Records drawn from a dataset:
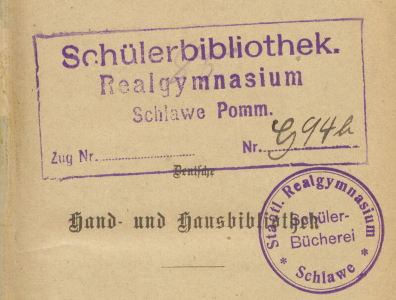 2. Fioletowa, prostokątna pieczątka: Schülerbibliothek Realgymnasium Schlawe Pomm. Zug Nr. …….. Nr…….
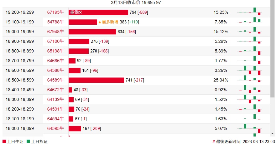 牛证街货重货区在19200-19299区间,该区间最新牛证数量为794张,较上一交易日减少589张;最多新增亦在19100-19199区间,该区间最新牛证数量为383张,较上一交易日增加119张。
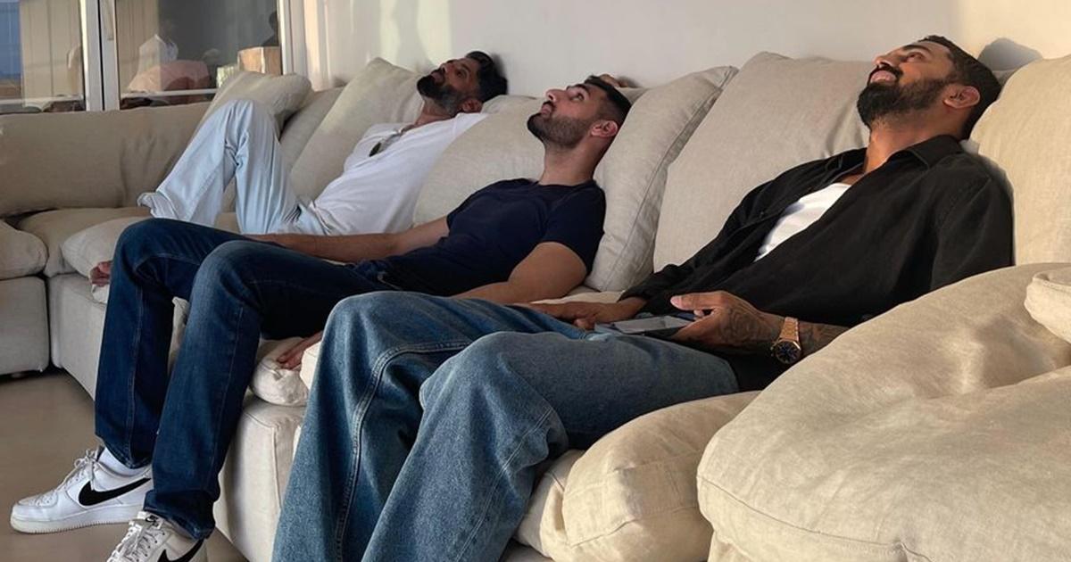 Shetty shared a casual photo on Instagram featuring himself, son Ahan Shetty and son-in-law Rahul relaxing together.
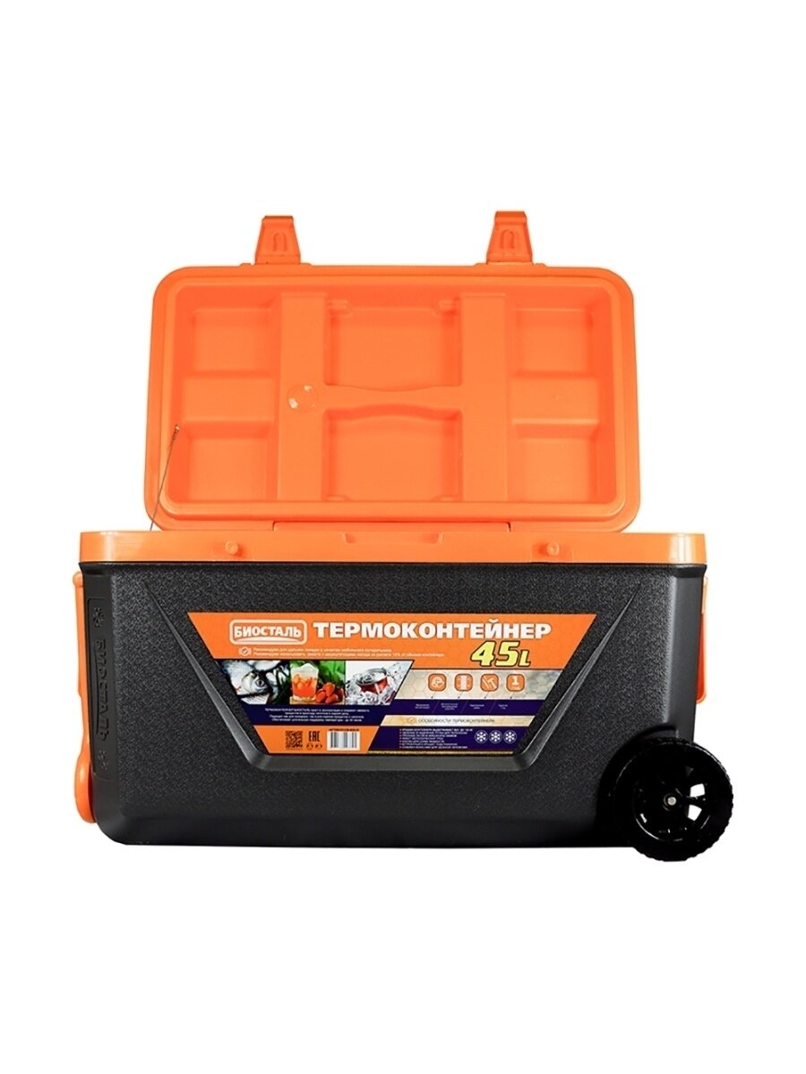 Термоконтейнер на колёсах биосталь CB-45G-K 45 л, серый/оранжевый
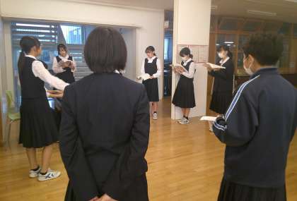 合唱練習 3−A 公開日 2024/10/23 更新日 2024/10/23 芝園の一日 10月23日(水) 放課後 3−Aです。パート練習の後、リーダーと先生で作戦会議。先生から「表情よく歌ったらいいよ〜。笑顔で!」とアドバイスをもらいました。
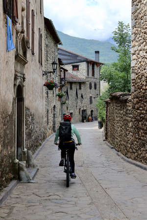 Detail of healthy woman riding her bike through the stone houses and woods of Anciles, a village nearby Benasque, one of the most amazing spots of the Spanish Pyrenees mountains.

_YOUR GOAL_:
Leave out the images and transcribe all the records exactly.

_THE ANSWER_:
 2. Fioletowa, prostokątna pieczątka: Schülerbibliothek Realgymnasium Schlawe Pomm. Zug Nr. …….. Nr…….
 牛证街货重货区在19200-19299区间,该区间最新牛证数量为794张,较上一交易日减少589张;最多新增亦在19100-19199区间,该区间最新牛证数量为383张,较上一交易日增加119张。
 Shetty shared a casual photo on Instagram featuring himself, son Ahan Shetty and son-in-law Rahul relaxing together.
 Термоконтейнер на колёсах биосталь CB-45G-K 45 л, серый/оранжевый
 合唱練習 3−A 公開日 2024/10/23 更新日 2024/10/23 芝園の一日 10月23日(水) 放課後 3−Aです。パート練習の後、リーダーと先生で作戦会議。先生から「表情よく歌ったらいいよ〜。笑顔で!」とアドバイスをもらいました。
 Detail of healthy woman riding her bike through the stone houses and woods of Anciles, a village nearby Benasque, one of the most amazing spots of the Spanish Pyrenees mountains.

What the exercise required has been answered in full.